Connect from your personal computer to another computer
Here we introduce in brief a few methods to connect and work with remote computers to perform data analysis. The remote computer can be a desktop computer or a HPC cluster system. I’ll call it “host” for the remote computer, and “guest” for the computer through which you connect to the host.

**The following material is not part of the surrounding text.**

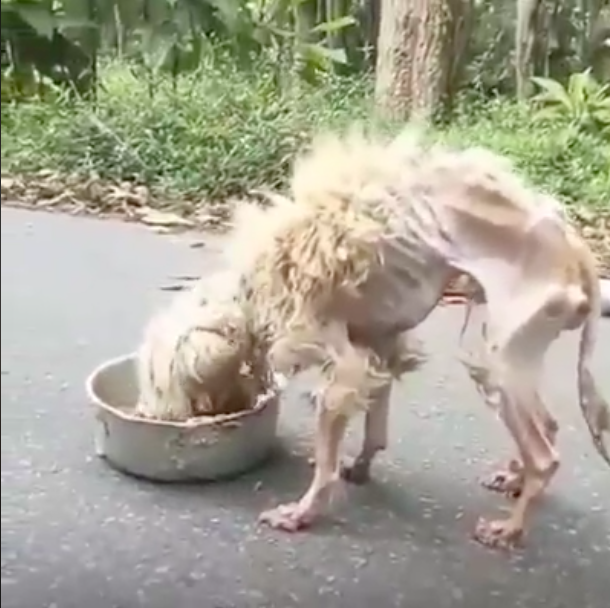▼志工們給牠東西吃,還給牠洗澡、剃毛。剃掉打結的毛髮後,牠看起來乾淨很多,但削瘦的模樣讓人更心疼了。每次吃飯,牠都很努力把碗中的食物吃光光,一點也不浪費。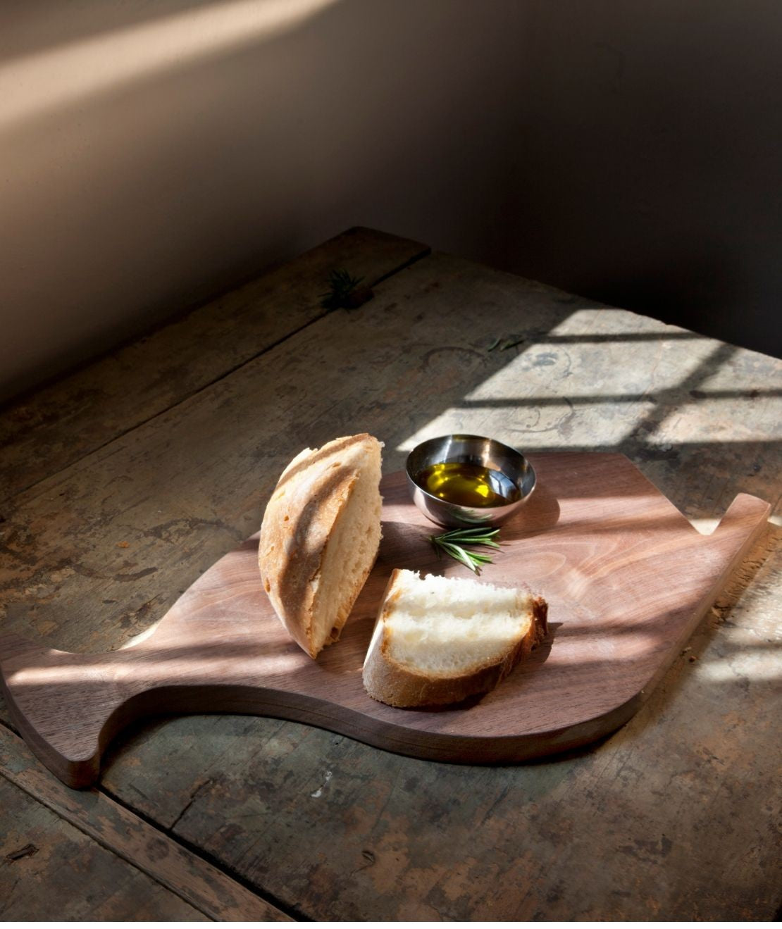 Il pesciolino azzurro è un tagliere in legno di noce canaletto adatto sia per uso alimentare che decorativo. Come tagliere e come piatto da portata è utilissimo ed è anche sorprendente da appendere. Che effetto!

Mount shared drive to a Windows computer
- From Windows Explorer, right click on “This PC” and select “Map network drive”
- In the “Map Nework Drive” window enter the path to the share
\\prometheus.neuro.columbia.edu\hgrcgrid_statgenand select “Connect using different credentials” then “Finish”
- Enter your username as
nimaster\Unialong with your Neurology/work computer password.
(Above are notes from Thashi and Anu)
Through VS Code
Through Rstudio server
JupyterLab server on Columbia Neurology HPC
The goal is to setup a JupyterLab server so you can access an interactive analysis environment on the cluster from your local computer.
Install JupyterLab environment
Follow the instructions on this page to configure software on the cluster.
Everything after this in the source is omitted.